Estevan Bowl hasn’t had any league play since November due to the COVID-19 pandemic, but it’s still a place where people can come and enjoy open bowling.
Owner Dave Rosenbaum said there are some restrictions, so social distancing is required between groups. Lanes 1 and 4 are open for 10-pin bowling, and 7 and 10 can be used for five-pin bowling.
“We can have up to four people on a lane,” said Rosenbaum. “Each lane has their own table for the bowlers to sit at when they’re not bowling.”
Open bowling is available starting at 4 p.m. on weekdays and 1 p.m. on Saturdays and Sundays.
“We get lots of bookings for what we can take,” said Rosenbaum.
He asks that people phone ahead and book a lane because of their reduced capacity, especially on Friday evenings and on weekends. Their quietest days are typically from Monday to Wednesday.
The customers have been very understanding about the rules and regulations that Estevan Bowl has to operate under, including masks and social distancing.
League numbers were close to previous years before they were shut down at the end of November. While the provincial government has extended restrictions on activities such as leagues for team sports until March 19, Rosenbaum said they hope league bowlers are patient and would come back if given the chance to resume play.
“Lots of league bowlers that we talk to are anxious to come back,” said Rosenbaum.

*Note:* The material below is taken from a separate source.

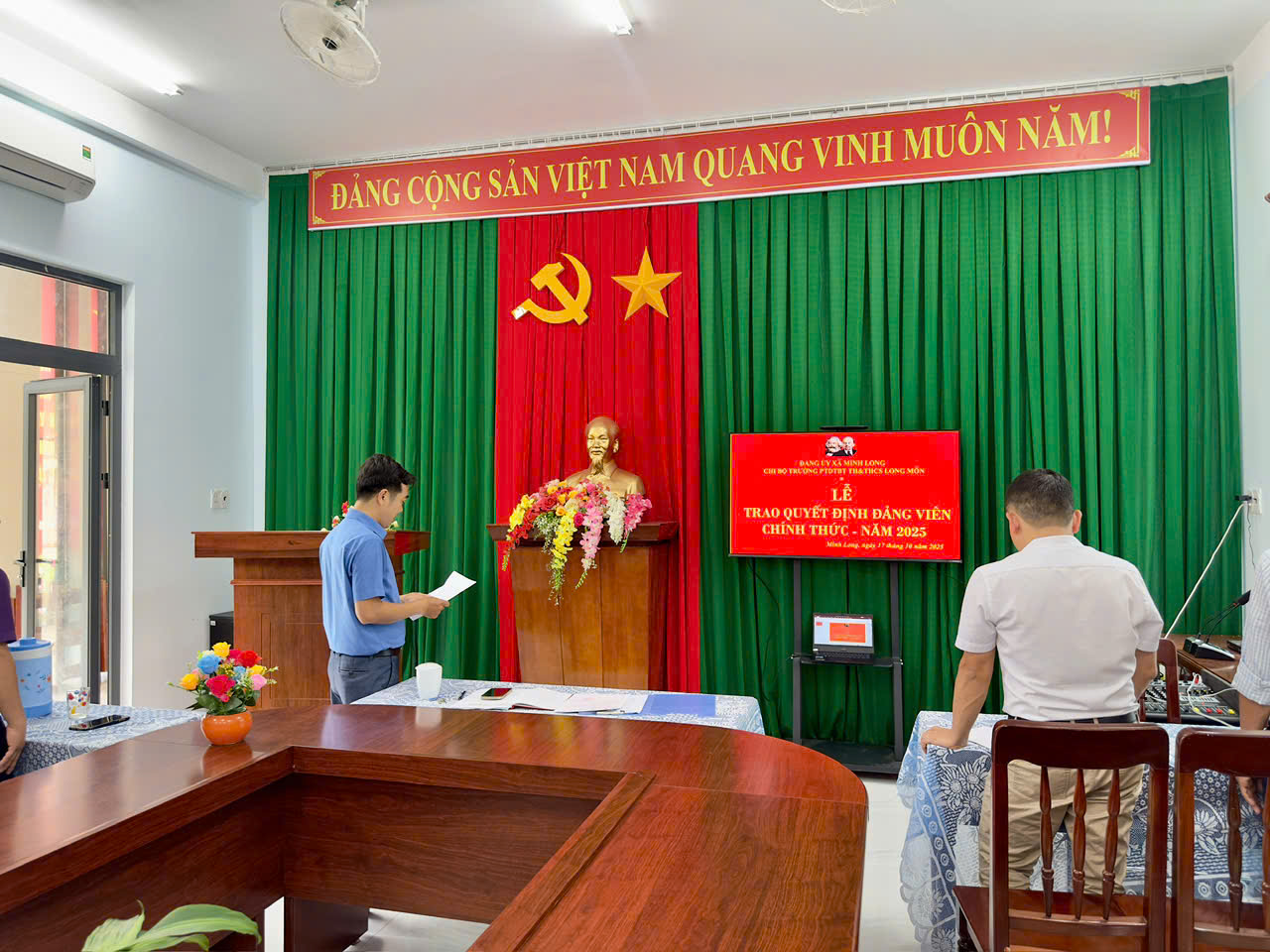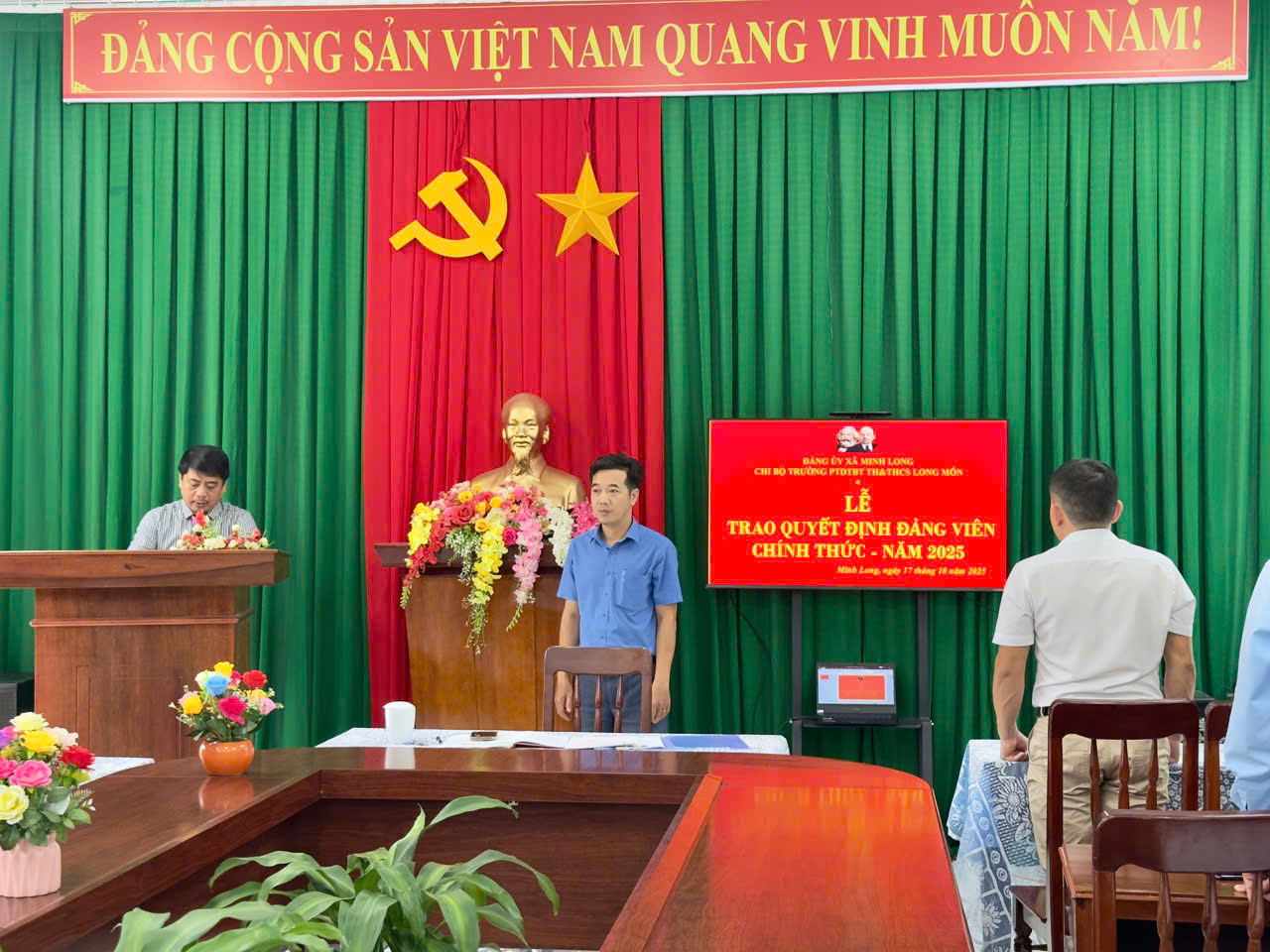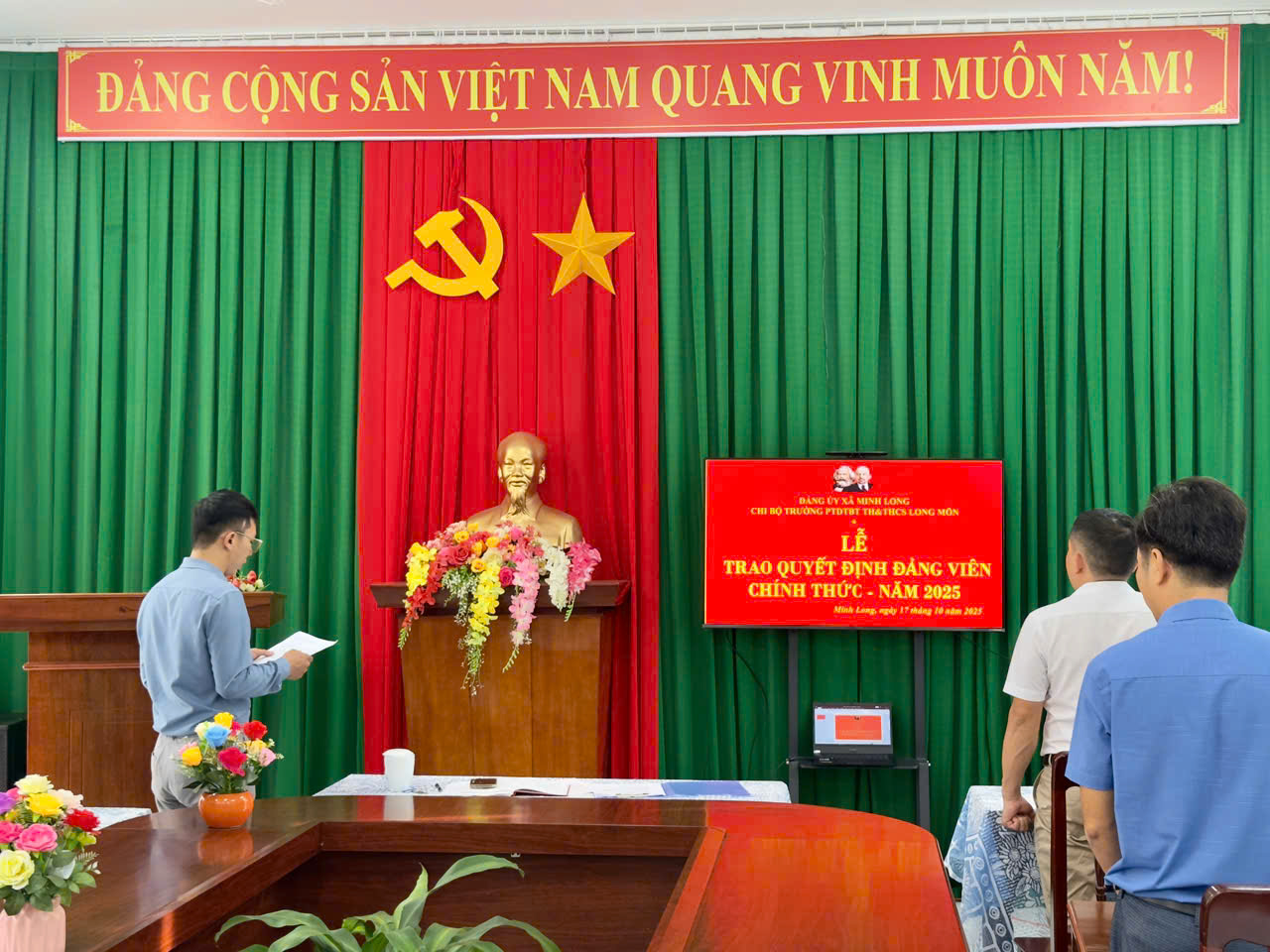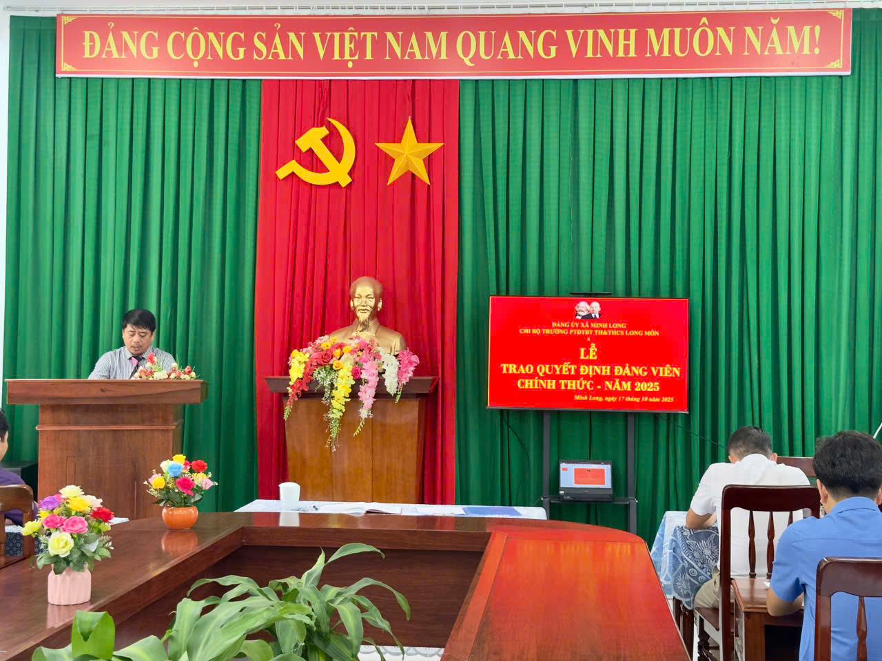 Chiều ngày 17/10/2025, Chi bộ Trường PTDTBT TH&THCS Long Môn long trọng tổ chức Lễ kết nạp Đảng viên chính thức cho 02 đồng chí Lương Hữu Hoàng và đồng chí Đàm Văn Thịnh.

League play would traditionally wrap up at the end of April, which would mean Estevan Bowl would have a short schedule to finish the season if the provincial government allows leagues to resume next month. If the majority of bowlers wanted to play into May or June, then Estevan Bowl would accommodate those wishes.
As for the other parts of their operations, the EB’s restaurant is open for meals, but they have to do social distancing between tables. Their take-out food operation is doing well, and they have pickup available for customers.
VLTs are open as well, but food or drink is not allowed in the VLT lounge.
Rosenbaum said they would traditionally be really busy with leagues, alley bookings, restaurants and catering. Even when they’re at capacity, it doesn’t seem as busy as they would normally be.
“We’re not going to shut our doors or anything like that,” said Rosenbaum. “We’re going to stay open and we’re going to live through all of this and hopefully get back to normal in the next few months.”